Humm.. they seem to work really nice for clones. They slide right in comfortably. I’ll find out as I just set some. May not be the best thing for seed tho although GMO planted his in them I think. I don’t think he started them in a glass tho maybe that’s the trick  He offset the hole to have more control of their depth. I hate wasting a good seed especially when I know it already popped In the glass and should be soon ready to transplant by now…


----------



## WeedLord (Mar 14, 2022)

Turn them over and make new hole just not so deep


----------



## CrashMagnet (Mar 14, 2022)

Hmm, I was just about to try the root riot plugs on some newly germinated auto GSC seeds. Now I'm not so sure. I used rockwool the last time, but I'm out.


----------



## pute (Mar 14, 2022)

I used to use Rapid Rooters.  I have used nothing but rock wool for a few years now.  On everything, seeds, clones, maters and peppers.


----------



## WeedHopper (Mar 14, 2022)

Rapid rooters are good or Jiffy pots with seed starter.


----------



## SubmarineGirl (Mar 14, 2022)

pute said:


> I used to use Rapid Rooters.  I have used nothing but rock wool for a few years now.  On everything, seeds, clones, maters and peppers.


It’s it easier for the seeds to come out of the wool opposed to the root riot plugs?  The root riot seems to have a sponge the of material in them. It did work for most of the seeds but I don’t want to lose anymore


----------



## bigsur51 (Mar 14, 2022)

it ain’t the plug , it is something else…could be the seed genetics , temps , water , humidity , etc etc or a combination of circumstances

we have used grow plugs to start a lot of seeds and have only lost a few

nothing is going to be 100% successful in this hobby

been using Rapid Rooters but switching over to these new ones , Flora Flex 40/40

Process

Pre-Soak the 40/40 plugs by pouring them into your B1:B2 Nutrient solution and allow them to soak for a minimum of 2 minutes.
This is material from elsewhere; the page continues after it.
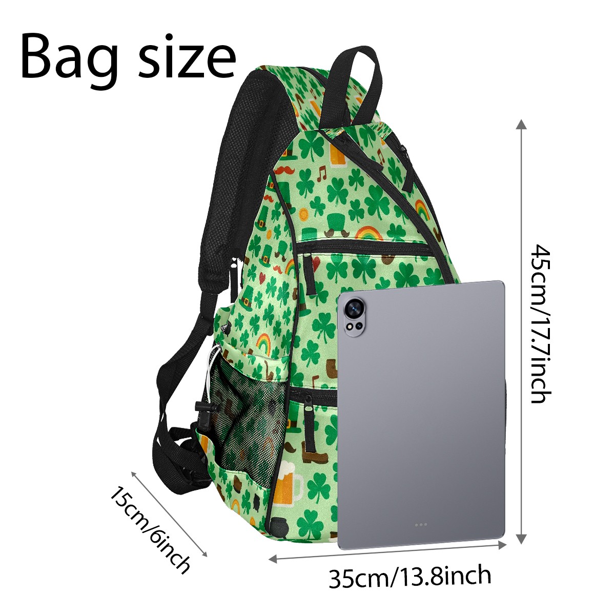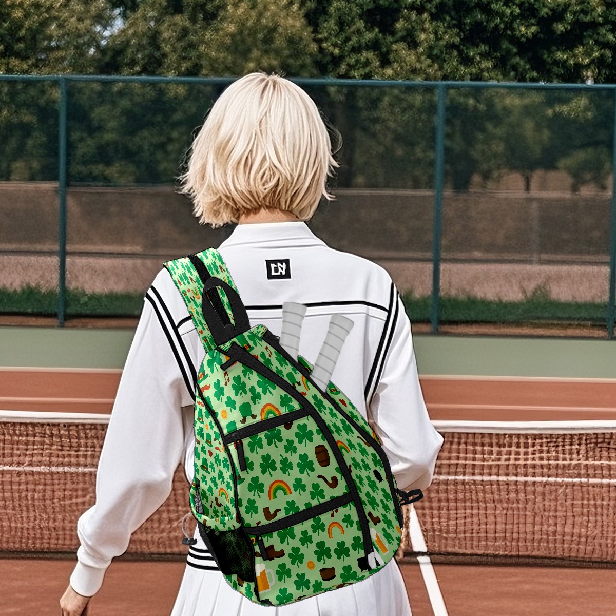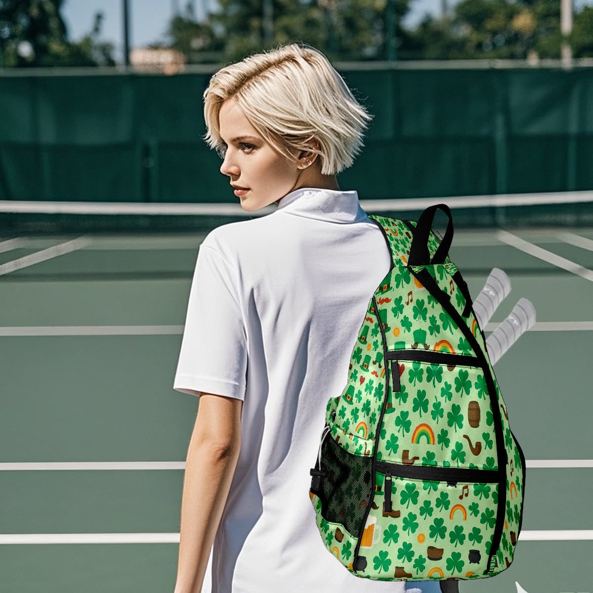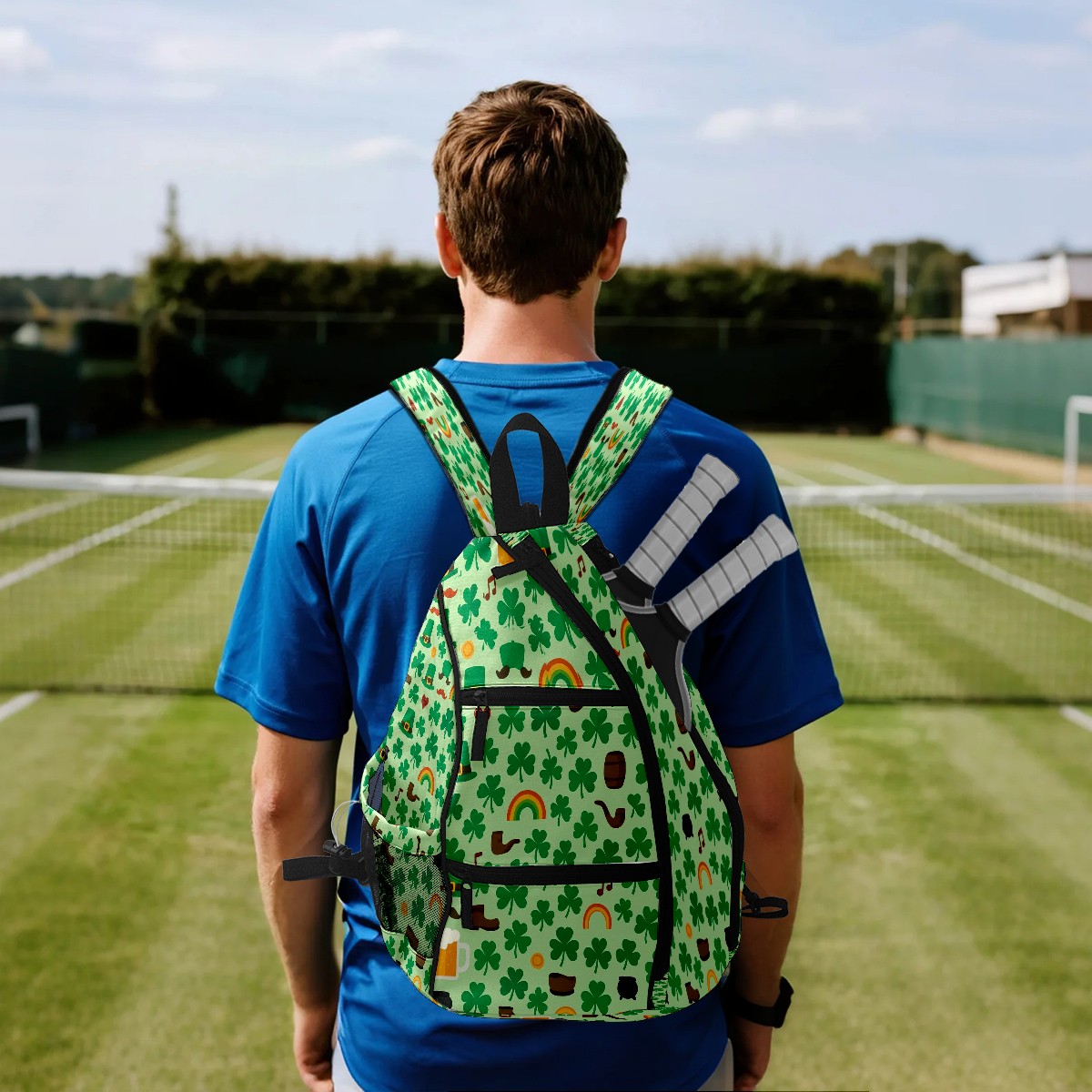 Pickleball Backpack - Convertible Shoulder Straps, Lightweight Breathable Lucky Clover Green Bag, Fits 2 Paddles, Balls & Gear (45x35x15cm)

Place the 40/40 cubes in the Incubator 50 Cell Inner Tray.

Start seeds by placing them into the center hole of the 40/40 cube, push half way down. (Can use a toothpick or similar object to push the seedling down).

Tip: Enusre that seedlings are labeled in the propogation tray using plant tags.

Place the Incubator Dome on the Incubator tray. Ensure that all vents are fully closed to allow moisture to build up inside the dome.

Place the Incubator Kit under your light. Do Not turn the light on for the first 12-36 hours.

Within 2-7 days you should begin to see all of your seedlings begin to sprout out of the 40/40 cubes.

Once the seeds sprout open the top vents of the Incubator, then slide it to the side to allow air flow through our patented convection design.

Remove the domes completely once the seedlings started growing and have established a nice root system and have at least 2-3 sets of fan leaves and/or are the size of a clone. Typically 10-14 Days after seedlings were planted.

Environment

Light Cycle - 18-24 Hours

Light Intensity - 80-160 umol

Inside Dome Temp - 75-80 Degrees

Inside Dome Humidity Germination - 75-80%

Inside Dome Humidity Sprouted - 65-70%

Tips:


Turning the lights on before the seedling have germinated encourages them to grow in the upwards direction towards the light.
Lights should typically be hung 8-16" above the clone dome
You can measure the temps and humidity inside the with a Hygrometer. One with an extendable probe is ideal.
If temps are low raise the temps in the room. If that is not an option, add a heating mat under the Incubator Tray.
If the temps are high try raising your lights or lowering the temperate in your room.
Once seedlings have sprouted ensure that the humidity levels in the dome are lowered to prevent them from dampering off. If humidity is not lowering in the dome with the vents opened and dome slid to the side increase air movement in the room and/or take the dome off daily to wipe down condensation inside the dome and place it back on.
Too much light early on can cause the seedlings to droop and stress.
Watering

Replace the nutrient rich water at the bottom of the tray every 2-3 days.

Tips:


Do not top feed the 40/40 plugs until you squeeze them and do not moisture rise out the top. Wet growing medium leads reduces oxygen levels in the medium and lead to rotting stems.
If the cubes are not drying out remove water from the bottom of the tray and take the dome off daily for 30-60 minutes.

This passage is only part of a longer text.